The Grendel Affair is a sort of hybrid police procedural/governmental sort of book with a quirky main character who is easy to laugh with (and at), but also easy to sympathize with. Makenna is one of those characters that will probably seem rather cookie-cutter, and she is in many ways, but she’s endearing despite that. She has a quip for just about everything. She seems to have a knack for getting herself into ridiculous and unpredictable situations, and she’s also very pretty. It’s all the things that most authors write into their urban fantasy characters, but despite all of that, she’s a lot of fun, and most importantly, she makes mistakes, and those mistakes often propel the plot.

Supernatural Protection & Investigation is one of those super-secret agencies that is out to police all of the nasties that the humans can’t know about. Again, that is fairly cookie-cutter. I’ve read a lot (a lot) of books involving an organization of that nature before. However, Shearin does a great job at really fleshing out how the organization is run, and the power struggles that are involved in it. There is a distinct chain of command, and it is nice to see that Shearin’s characters don’t just have free reign. Instead, Makenna and her cohorts have to function within both social and organizational boundaries. This might seem like a weird thing for me to point out, but it is nice to see these small details which make The Grendel Affair feel so much more realistic.

SPI Files (Book Series) by Lisa ShearinThe supernatural creatures are both fairly typical and rather unique and entertaining at the same time. For example, how many books have you read where one of the characters is an actual dragon hidden behind a human mask (of sorts)? It’s entertaining, but aside from that, there are the all of the creatures you’d expect, like vampires and werewolves and etc. While they don’t dominate the readers time, they are there, and I was kind of let down by how typical they felt.

The plot moves forward at a rapid pace, often skipping from one chaotic incident to the next with very little time in-between. In fact, I ran into the same problem with The Grendel Affair that I often run into with my urban fantasy. For the life of me, I can’t figure out how these people pack so much activity into one day. That’s not necessarily a bad thing, but it is a trend I tend to notice with a lot of the urban fantasy books that have plenty of mystery and action. However, this also means that The Grendel Affair pulls you in almost instantly and doesn’t let go until you read the last word. Shearin has a knack for really absorbing her readers in her book.

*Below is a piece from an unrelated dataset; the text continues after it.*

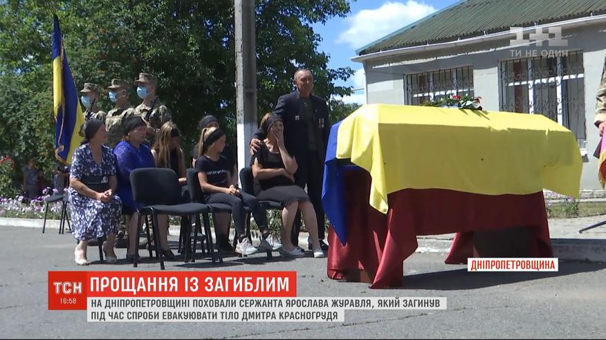 У Дніпропетровській області поховали сержанта Ярослава Журавля, який загинув під час спроби евакуювати тіло свого командира Дмитра Красногрудя. Він підірвався в "сірій зоні" під час повернення до бригади. Цього тижня ворог віддав мертвого 30-річного розвідника. В останню путь бійця проводжали в його рідному селі Водяному, куди з'їхалися бойові товариші, з якими сержант Журавель служив із перших днів війни.
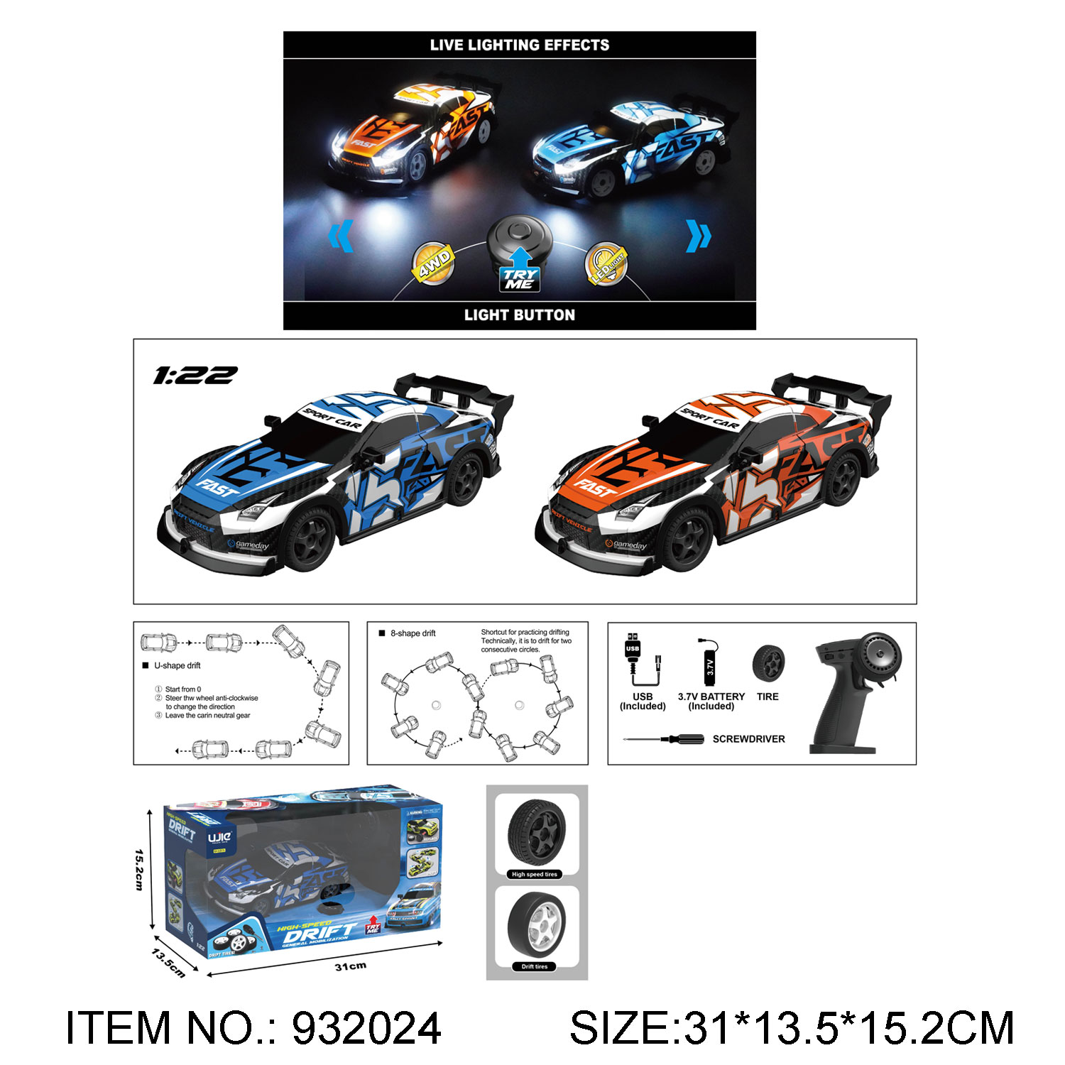 1:18 2.4G R-C CAR PLAYSET WITH LIGHTS(CAR  USE 3.7V INCLUDED+USB,CONTROLLER USE 2 PCS AA NOT INCLUDED,TRY ME USE 3 PCS AG13 INCLUDED),TEST REPORTS:EN71 PART1-2-3 / PHTHALATE TEST / EN62115 / ASTM / HR4040 / PASH / CD / GCC.

While The Grendel Affair is tons of fun, it’s pretty much exactly what you’d expect from an urban fantasy novel. Our protagonist has a knack for finding herself in trouble. There’s alluded-to sexual tension. There’s plenty of action and a mystery that only Makenna can solve. It’s all stuff that I’ve seen before, but it’s very well done. It’s a load of fun and the fast pace is just right.

I almost hate saying that a book is popcorn, because so many people think that’s a bad thing. The truth is, it really isn’t a bad thing. Not every book I read needs to be some challenging novelty that redefines the way I look at literature. Sometimes I want to sit back, crack open a quick, fun, lighter read, and just enjoy myself. In times like that, The Grendel Affair is the perfect medicine. I look forward to seeing where Shearin takes this series next.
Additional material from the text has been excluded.